--- EXERCISE DATA Enclosed Below ---

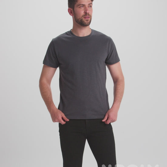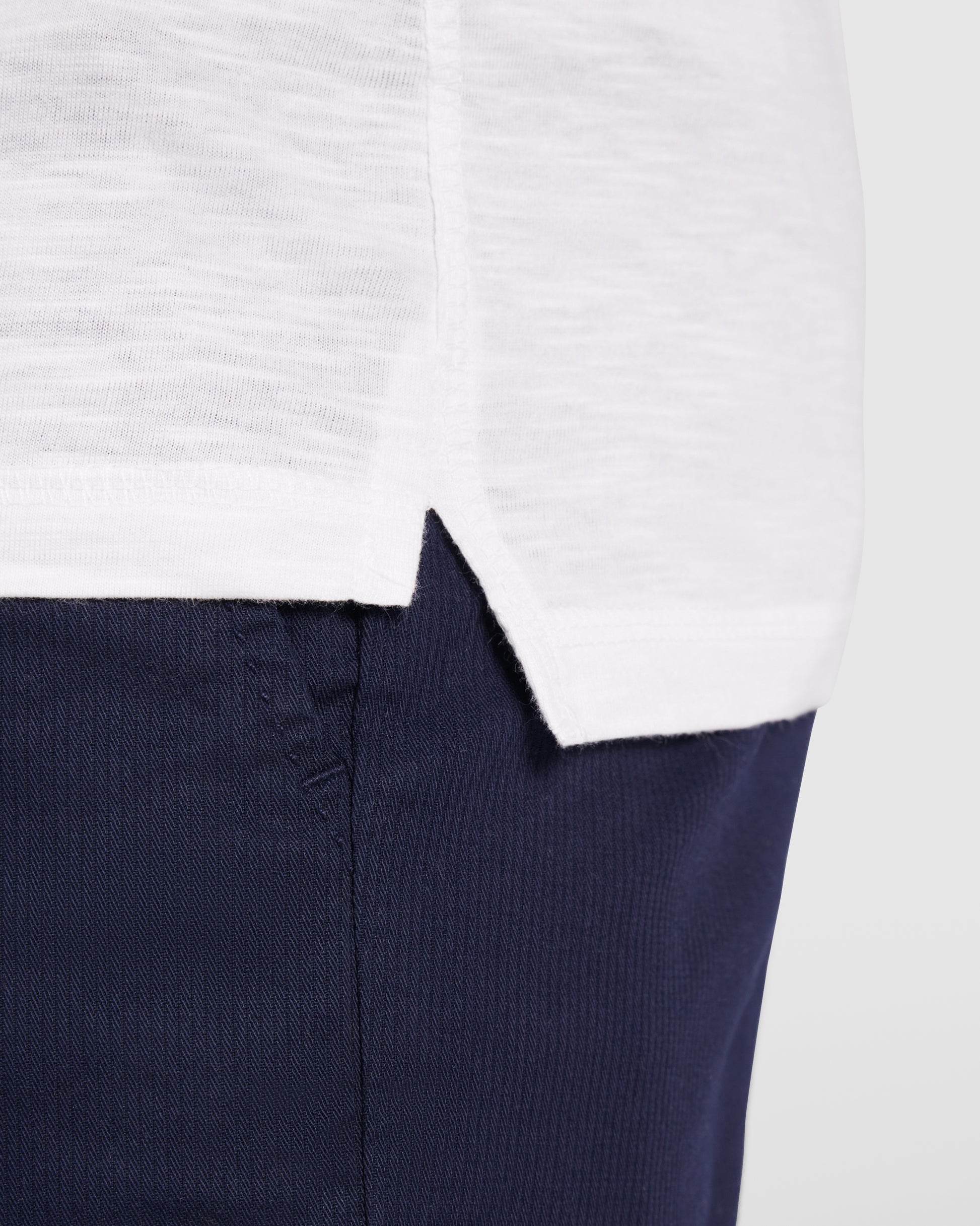 PRODUCTO QUE SE DESCATALOGARÁ CUANDO SE AGOTEN LAS EXISTENCIAS – Camiseta de manga corta, en tejido vigoré inclinado. Cuello redondo del mismo tejido. Cubrecosturas interior a contraste de hombro a hombro. Costuras laterales remalladas de adorno. Bajo con aperturas laterales y el patronaje de la espalda es ligeramente más largo que el delantero.
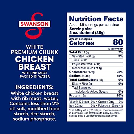 One (1) 9.75 oz can of Swanson White Premium Chunk Canned Chicken Breast in Water
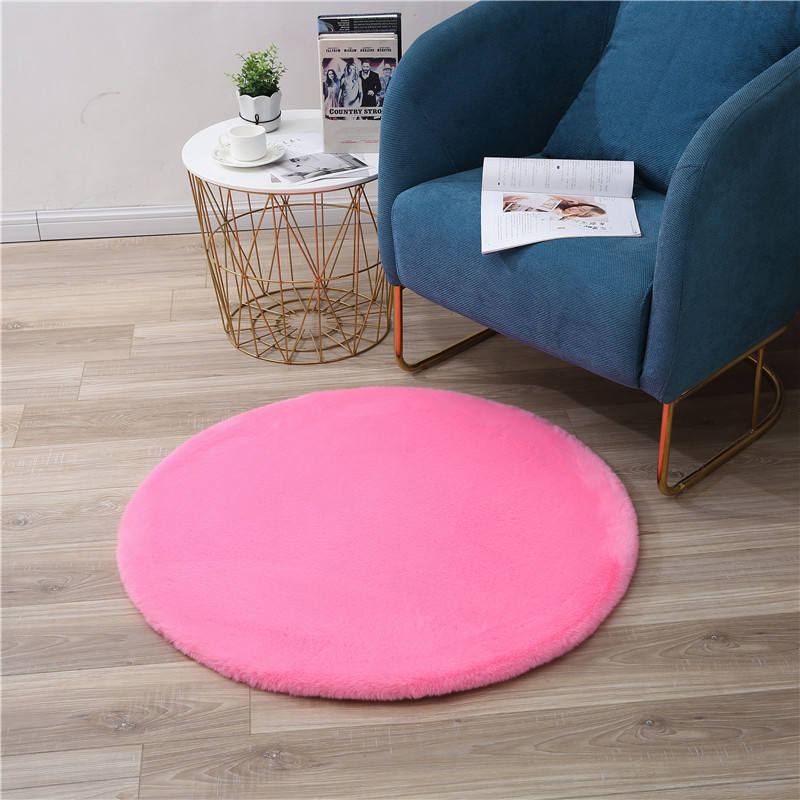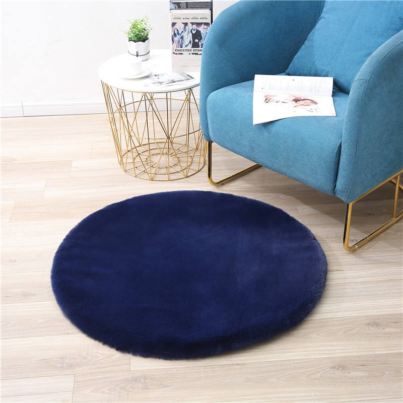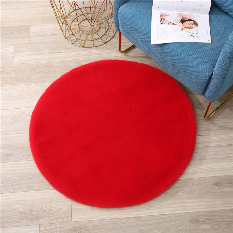 Tappeto in pelliccia di coniglio solido all'ingrosso tappeto rotondo in pelle di pecora Super morbida tappeto bianco peloso in pelliccia sintetica di coniglio in pelle scamosciata tappeto per camera da letto

--- End of Enclosed EXERCISE DATA ---

• _WORK REQUEST_
Write every line above out again exactly; pictures do not belong in the copy.

• _EXERCISE RESPONSE_
 PRODUCTO QUE SE DESCATALOGARÁ CUANDO SE AGOTEN LAS EXISTENCIAS – Camiseta de manga corta, en tejido vigoré inclinado. Cuello redondo del mismo tejido. Cubrecosturas interior a contraste de hombro a hombro. Costuras laterales remalladas de adorno. Bajo con aperturas laterales y el patronaje de la espalda es ligeramente más largo que el delantero.
 One (1) 9.75 oz can of Swanson White Premium Chunk Canned Chicken Breast in Water
 Tappeto in pelliccia di coniglio solido all'ingrosso tappeto rotondo in pelle di pecora Super morbida tappeto bianco peloso in pelliccia sintetica di coniglio in pelle scamosciata tappeto per camera da letto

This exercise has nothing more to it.